- Born: 12 October 1940 (age 85)
- Education: Duke University
- Occupations: Canadian historian and retired soldier

= John A. English =

Canadian army veteran and writer (born 1940)

Lt.Col.-Dr. John A. English (born 12 October 1940) is a Canadian Army veteran and a writer on historical and military topics.

==Life and career==
English was educated at Royal Roads (1958–1960) and the Royal Military College (1960–1962), he went on leave without pay to attain an MA in history from Duke University in 1963–1964. He passed final promotion exams in 1966 and graduated from Canadian Forces Staff College in 1972. He first joined the King's Own Calgary Regiment and from 1962 served in the Queen's Own Rifles of Canada until 1970, when he moved to Princess Patricia's Canadian Light Infantry.

In 1980, he attained an MA in war studies from RMC, and a Ph.D. from Queen's University in 1989 while still in service. During his career he saw service with Canadian and British regiments in England, Germany, Denmark, Cyprus, Canada, and Alaska. English also served as a NATO war plans officer, Chief of Tactics of the Combat Training Centre, instructor at the Canadian Land Forces Command and Staff College, and curriculum director of the National Defence College. English retired from the Canadian army after 37 years of service in 1993.

In 1992, English accepted a $60,000 Social Sciences and Humanities Research Council of Canada (SSHRCC) fellowship and a professorship at Queen's University. Two years later he was awarded a $31,000 SSHRCC research grant. For five years between 1997 and 2002 English served as a Professor of Strategy with the US Naval War College. On return to Canada he was employed until November 2003 as director of the Defence Minister's Monitoring Committee on Change.

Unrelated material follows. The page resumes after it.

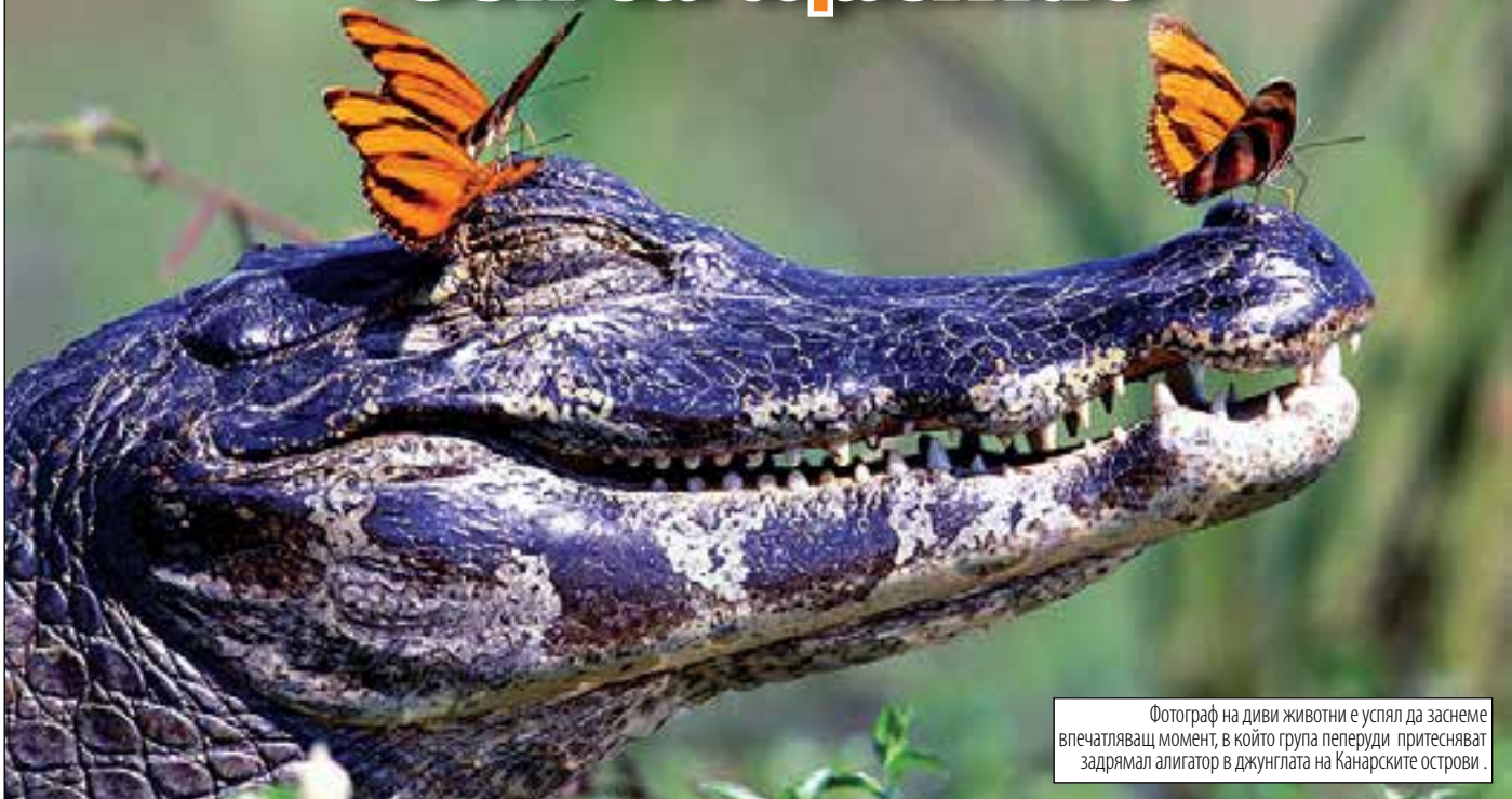
Фотограф на диви животни е успял да заснеме впечатляващ момент, в който група пеперуди притесняват задрямал алигатор в джунглата на Канарските острови.

On 19 October 2004, the Minister appointed him Honorary Lieutenant-Colonel of the Brockville Rifles and from 2010 to 2013 he served as Honorary Colonel.

==Works==
English is the author of:
- A Perspective on Infantry (Praeger, 1981) republished in paperback as On Infantry (Praeger, 1984)
- The Canadian Army and the Normandy Campaign: A Study of Failure in High Command (Praeger, 1991) [republished in paperback as The Canadian Army and the Normandy Campaign (Stackpole, 2009)]
- Marching through Chaos: The Descent of Armies in Theory and Practice (Praeger, 1996)
- Lament for an Army: The Decline of Canadian Military Professionalism (Irwin, 1998)
- Patton's Peers: The Forgotten Allied Field Army Commanders of the Western Front 1944-45 (Stackpole, 2009)
- Surrender Invites Death: Fighting the Waffen SS in Normandy (Stackpole, 2011)
- Monty and the Canadian Army (University of Toronto Press, 2021)

He was also the co-author of On Infantry: Revised Edition (Praeger, 1994) [translated into Chinese] and principal editor of The Mechanized Battlefield: A Tactical Analysis (Pergamon, 1984). He has additionally produced numerous chapters for books and his articles have appeared in Military Affairs, Jane's Military Review, the Naval War College Review, Infantry magazine, the Marine Corps Gazette, the Canadian Defence Quarterly, the Canadian Military Journal and the proceedings of the Canadian Institute of Strategic Studies. He has been a member of the Royal Canadian Military Institute since 1971 and continues to write on military subjects.

==Bibliography==
- English, John (1981). "A Perspective on Infantry"
- English, John (1991). "The Canadian Army and the Normandy Campaign"
- English, John (1994). "On Infantry"
- English, John (1996). "Marching Through Chaos: The Descent of Armies in Theory and Practice"
- English, John (1998). "Lament for an Army: The Decline of Canadian Military Professionalism"
- English, John (2009). "Patton's Peers: The Forgotten Allied Field Army Commanders of the Western Front, 1944-45"
Surrender Invites Death: Fighting the Waffen SS in Normandy (Stackpole, 2011).